Литмир - Электронная Библиотека
Содержание  
A
A

Закурили. Молчали. О безделицах говорить не хотелось. А о главном — о том, что тревожило... Давненько они не открывали друг другу душу.

Первым прервал молчание Александр. Он подошел к полке, вынул томик в сафьяновом переплете. Перелистал.

— Слушай:

Россия! Свято нам оно,
То имя, милое, родное.
Оно, во мраке огневое,
Для нас надеждою полно...

— Наша юность... — после паузы задумчиво проговорил Никифоров. — Юнкерское училище — и ты, наш трибун... А теперь у нас уже виски белые.

— Зато не только романтические мечтания, но и возможность помочь родине, — прервал его Пеев. — Мы давно с тобой не говорили откровенно, Никифор... Скажи: как ты относишься к тому, что войска Гитлера в Софии? Ты хочешь, чтобы Болгария вместе с Германией начала войну против России? Ответь честно — или лучше ничего не говори.

Никифоров задумался. Потом сказал:

— Я отвечу, Сашо... Присоединение Болгарии к фашистской оси — преступление против нашего народа, против всего славянства. Война же против России приведет Болгарию к третьей национальной катастрофе — более страшной для отечества, чем две пережитые.

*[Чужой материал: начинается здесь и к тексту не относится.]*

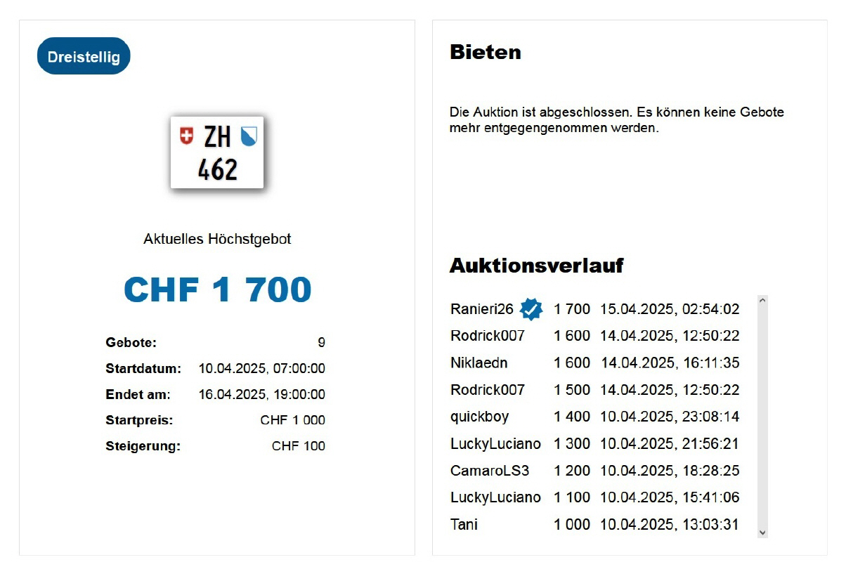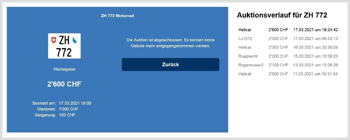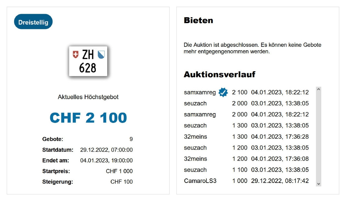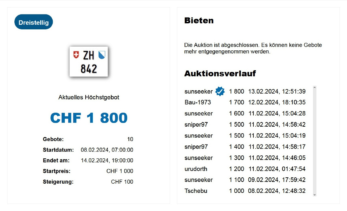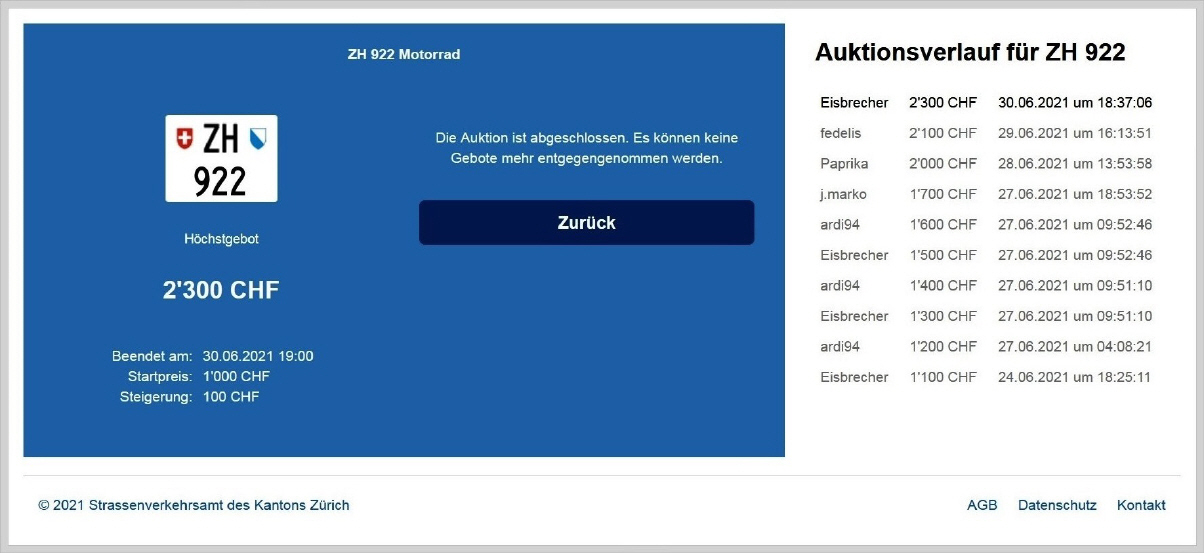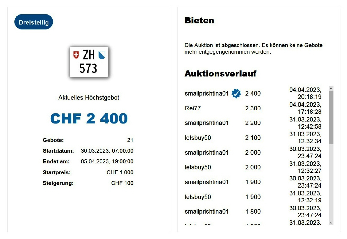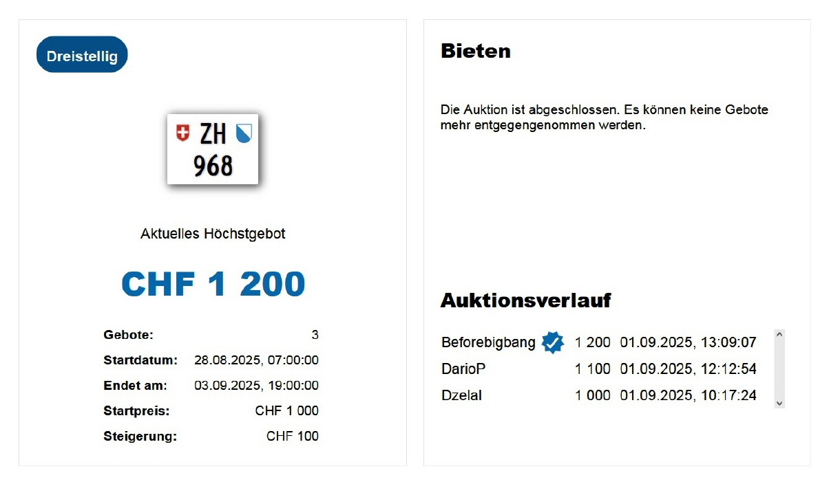 Am 25.11.2020 wurde im Kanton Zürich das 3-stellige TÖFF-Nummernschild ausgegeben - in der Auktion ging es für Fr. 4000.- weg: Auch hier boten sich zwei Bieter hoch! Verfolge den Verlauf vom «ZH 701

— Я был уверен, что ты ответишь именно так, — кивнул адвокат. — И я уверен, что ты понимаешь: именно планами нападения на Советский Союз продиктована политика Гитлера на Балканах. Фюрер готовит себе выгодный плацдарм.

— Пожалуй, так.

— А теперь самое главное, — Александр оглянулся, как бы проверяя, нет ли кого-нибудь еще в комнате. — Мы должны сделать все, что в наших силах, чтобы расстроить планы Гитлера и царя Бориса.

— Но как?

— По крайней мере держать Советский Союз в курсе всех военно-политических событий, которые происходят в Болгарии. Прежде всего — знать все о происках фашистской Германии.

— Но как это сделать? — снова повторил Никифоров.

— Убежден, что ты будешь с нами... Слушай: я поддерживаю прямую связь с Генеральным штабом Красной Армии.

— Ты — советский разведчик?

— Да. Потому что я сын Болгарии.

Генерал Никифоров без колебаний согласился помогать Александру Пееву. Словно бы разом, подобно извержению вулкана, горячей лавой вырвалось на поверхность то, что долго и насильственно сдерживалось в самом себе, — и сознание, что в Болгарии попирается национальная гордость, что царь и профашистское и прогерманское правительство душат свободу и что страна неотвратимо приближается к катастрофе. Никифоров понимал — от его решения зависит положение в обществе, карьера, благополучие семьи, сама его жизнь. Но что значит все это по сравнению с судьбой родины? Он — солдат. Не царя, а своего отечества...

Знание обстановки, участие в заседаниях высшего военного совета, обширные связи среди генералитета и во дворце помогали ему быстро находить ответы на вопросы, которые интересовали Пеева, а через него, как понимал Никифоров, и Москву. Как развивается болгаро-немецкое военное сотрудничество? Где дислоцированы немецкие войска в Болгарии и на всем Балканском полуострове? В каких направлениях они передвигаются? В чем суть политических переговоров правительства с Берлином? Каковы планы царя в связи с присоединением Болгарии к пакту агрессивных держав?..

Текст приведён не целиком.